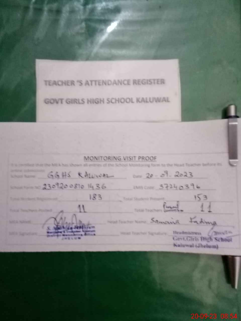| Attendance Register | Head Teacher | MEA with School | Visit Proof |
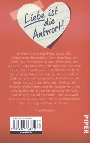 Liebe ist die Antwort! Ist Geld wirklich alles? Findet Leska nicht. Valentin schon. Buchstäblich. Denn seine Eltern sind reich - nur eines kommt in ihrem Leben nicht vor: die Liebe. Leska hat weder Liebe noch Geld. Nur ihren Instinkt. Den braucht sie auch, als Valentin mit ihr im Ferrari seines Vaters durchbrennt. Denn der seltene Oldtimer ist zehn Millionen wert. Doch während die beiden sich auf ihrem verbotenen Aus¿ug nach Venedig näherkommen, lockt der kostbare Ferrari die Mäa an. Statt der erträumten gemeinsamen Nacht sind die zwei nun auf der Flucht - und Leska wird Valentin den wahren Grund, mit ihm durchzubrennen, nicht mehr lange verheimlichen können ... Originalausgabe
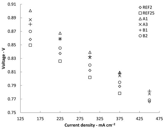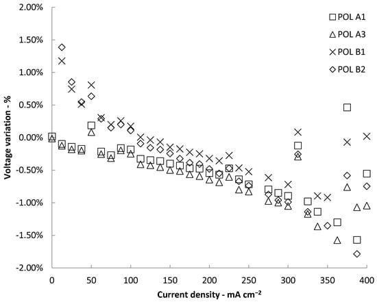 Figure 7 reports the result of such analysis. Values are reported, for each current density, as percentage decay of voltage average with respect to the reference polarization performed after the start-up. Negative values indicate voltage degradation, while positive ones indicate an increase in performances.
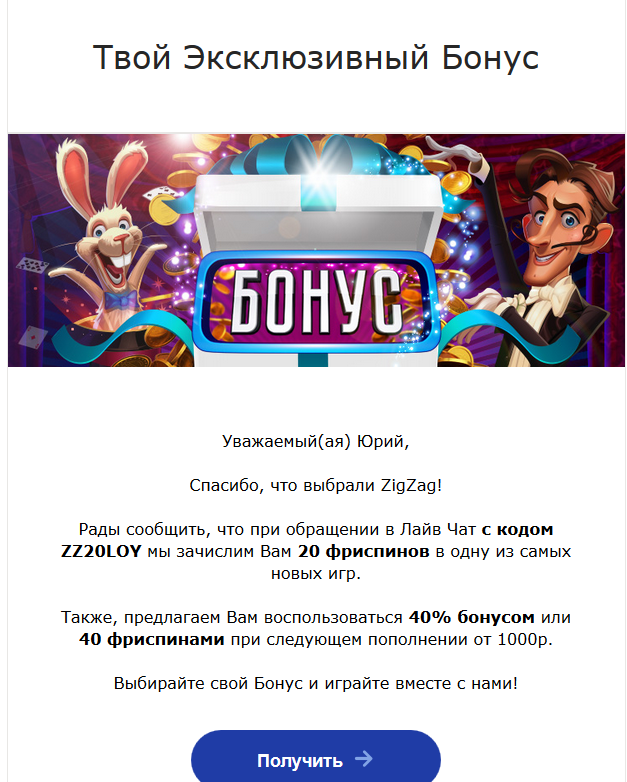 Акция действует в соответствии с Правилами и условиями ZigZag777.com
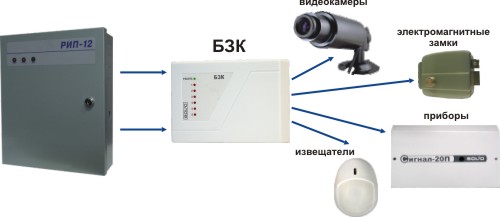 БЗК предназначен для распределения тока источника питания (РИП-12, РИП-24 или им подобным) по 6 каналам с индивидуальной защитой по току. Каждый канал оснащён самовосстанавливающимся предохранителем и индикатором красного цвета (индикаторы "1" - "6"), индицирующим перегрузку по току любого из 6-ти каналов. Зелёный индикатор "Работа" индицирует наличие напряжения на входе. БЗК обеспечивает защиту от "переполюсовки" входного напряжения, а также от превышения входного напряжения свыше 30 В (коммутационных выбросов и т.п.) с последующим восстановлением работоспособности.
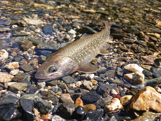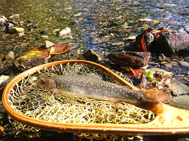 イワナも健在♪ ただ、いつもより釣り人や山菜等の人の気配もなく、なんか今日は妙に静かだな? と、少々違和感を感じながらフリフリ・・・ |
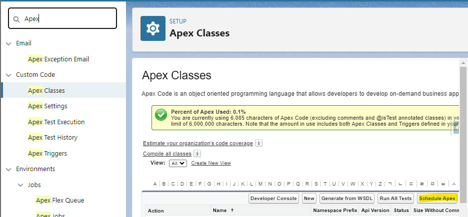 schedule은 스탠다드로도 구현이 가능하다. Setup에서 Apex Class의 Schedule Apex를 누르면 노코드 방식으로도 schedule 할 수 있다.
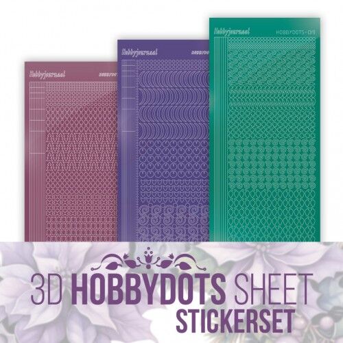 Deze handige Hobbydots-set bevat alle materialen voor 3 vierkante kaarten met elk een Hobbydotspatroon en een 3D-afbeelding. De set bevat 3 kleuren kaartkarton, drie Hobbydots-stickervellen en drie witte oplegkaarten met het voorbedrukte patroon. Door het voorbedrukte patroon zijn de kaarten te maken zonder lichtbak.
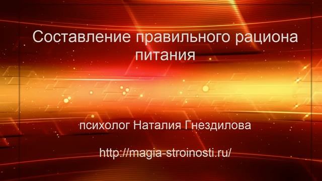 Умеете ли вы правильно составлять рацион питания? Сколько нужно потреблять белков, жиров, углеводов? Как рассчитать суточную норму БЖУ и килокалорий? Как нужно правильно составлять рацион? На этот и другие вопросы ответит Наталия Гнездилова – психолог, специалист по комфортному похудению и эмоциональному ожирению. Много статей, техник и медитаций направленных на снижение веса без диет и тренировок на сайте http://magia-stroinosti.ru/ =================================================== Вас интересует снижение веса? Вам нужна поддержка психолога? Если да, то получите бесплатный психологический курс по снижению веса - толковый, без воды, только факты и причины возникновения лишних килограммов http://magia-stroinosti.ru/wppage/novy-j-put-k-strojnosti-2-2/
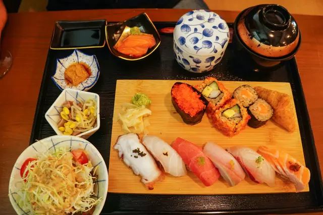 尖沙咀有很多吃日本料理的餐廳,但要說印象特別深刻的就數這間。和道屋是樓上店,而地下那層有無面男坐鎮。從門口位置已經有日本風的打卡位,直到餐廳內的氣氛都頗為濃厚。這裡亦有榻榻米座位,感覺更像去了一趟日本。午市商務定食由 HKD 88 起,在尖沙咀來說這價錢夠吸引。除了午市定食,主餐牌看起來都吸引,所以點了個 海膽生蠔杯 (HKD 88)會用高腳杯來放海膽和生蠔,打卡度滿分。海膽味道都幾濃郁,配搭肥美香滑的生蠔,旁邊的柚子啫喱頗酸,很開胃。吞拿魚他他雜錦拼冷稻庭烏冬 (HKD 108)定食份量一點也不敷衍,有胡麻醬沙律、軟嫩的牛舌、三文魚刺身。還有加了些蟹肉又不會很淡味的茶碗蒸和麵豉湯。主食的吞拿魚他他雜錦上層是鮮美的吞拿魚蓉。之後下方是角切的魚生,還有最底下是牛油果,可以用紫菜包著來吃。不論是在味道、口感上都很豐富。另外還有入口煙韌彈牙的稻庭烏冬,最後吃埋蕨餅就完滿了。特雜錦壽司定食12件 (HKD 138) 壽司包括了卷物、軍艦。壽司飯使用的不是白醋,而是醇厚的赤醋,與刺身很搭配。…查看更多
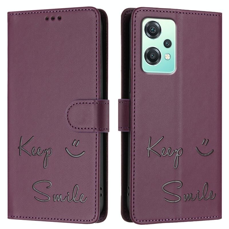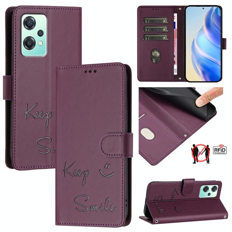 Για OnePlus Nord CE 2 Lite 5G Χαμόγελο ανάγλυφο RFID δερμάτινη θήκη τηλεφώνου (Violet)
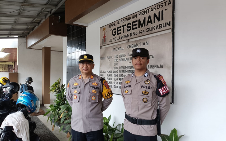 SUKABUMI || Journalistpolice.com –  Guna menciptakan rasa aman dengan mengingat kembali tugas sebagai anggota Kepolisian sebagai pelayan masyarakat Kapolsek Lembursitu AKP Agus Suherman SE pimpin pengamanan di gereja.
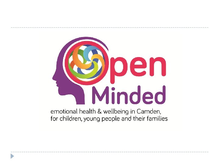 Camden CAMHS North Camden Community CAMHS – “Tier 2/3” South Camden Community CAMHS – “Tier 2/3” Under 5’s Service Brandon Centre Royal Free Hospital CAMHS (Eating Disorders, ADHD) MOSAIC CAMHS (Disability) Camden MALT (Child Protection and Looked After Children) EIS (1 st Onset Psychosis) IEYS (Children’s Centres) YOT (Offending) Special Schools and Pupil Referral Units Refugee Team (Tavi) Fostering and Adoption and Kinship Care Team (Tavi) Daytime duty cover at Tavistock Out of hours 24/7 on call psychiatry rota to A&E Access to inpatient Adolescent Units – Acute and Medium Stay
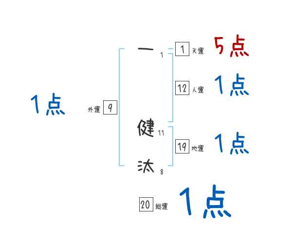 天運![]() | 一健汰さんの天運は1画の5つ星!行動力、指導力があり出世し繁栄する。幸運に恵まれる。 家系が持つ宿命的な運勢を表します。祖先から受け継いだ苗字ですので自分の力が及びません。家柄を象徴します。 |
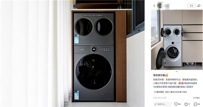 同时,海信热泵洗烘一体机棉花糖E8Q还可以在上方叠加小双筒,变成海信全家筒棉花糖E8Q三筒洗衣机(WH130E8Q+WV20G-H、WH130E8Q-1+WV20W),能实现3洗+3烘+3智能投放,既可同洗同烘也能单筒独立工作,彻底告别所有混洗将就,满足大人、孩子、内衣、深浅色的精细分区需求。有用户赞叹:“家里人多,每天要洗衣服的量比较大,所以这次主要选择海信三筒洗衣机,对比了市面上主流的几款机型,始终选择了海信棉花糖,直驱电机运行噪音小,分区洗衣干净卫生,很值得推荐!”

◆ **Work required**
Restate exactly, please, only the lines between the start of the data and the line containing "Liebe ist die", both ends included, skipping the pictures.

◆ **Task solution**
| Attendance Register | Head Teacher | MEA with School | Visit Proof |
 Liebe ist die Antwort! Ist Geld wirklich alles? Findet Leska nicht. Valentin schon. Buchstäblich. Denn seine Eltern sind reich - nur eines kommt in ihrem Leben nicht vor: die Liebe. Leska hat weder Liebe noch Geld. Nur ihren Instinkt. Den braucht sie auch, als Valentin mit ihr im Ferrari seines Vaters durchbrennt. Denn der seltene Oldtimer ist zehn Millionen wert. Doch während die beiden sich auf ihrem verbotenen Aus¿ug nach Venedig näherkommen, lockt der kostbare Ferrari die Mäa an. Statt der erträumten gemeinsamen Nacht sind die zwei nun auf der Flucht - und Leska wird Valentin den wahren Grund, mit ihm durchzubrennen, nicht mehr lange verheimlichen können ... Originalausgabe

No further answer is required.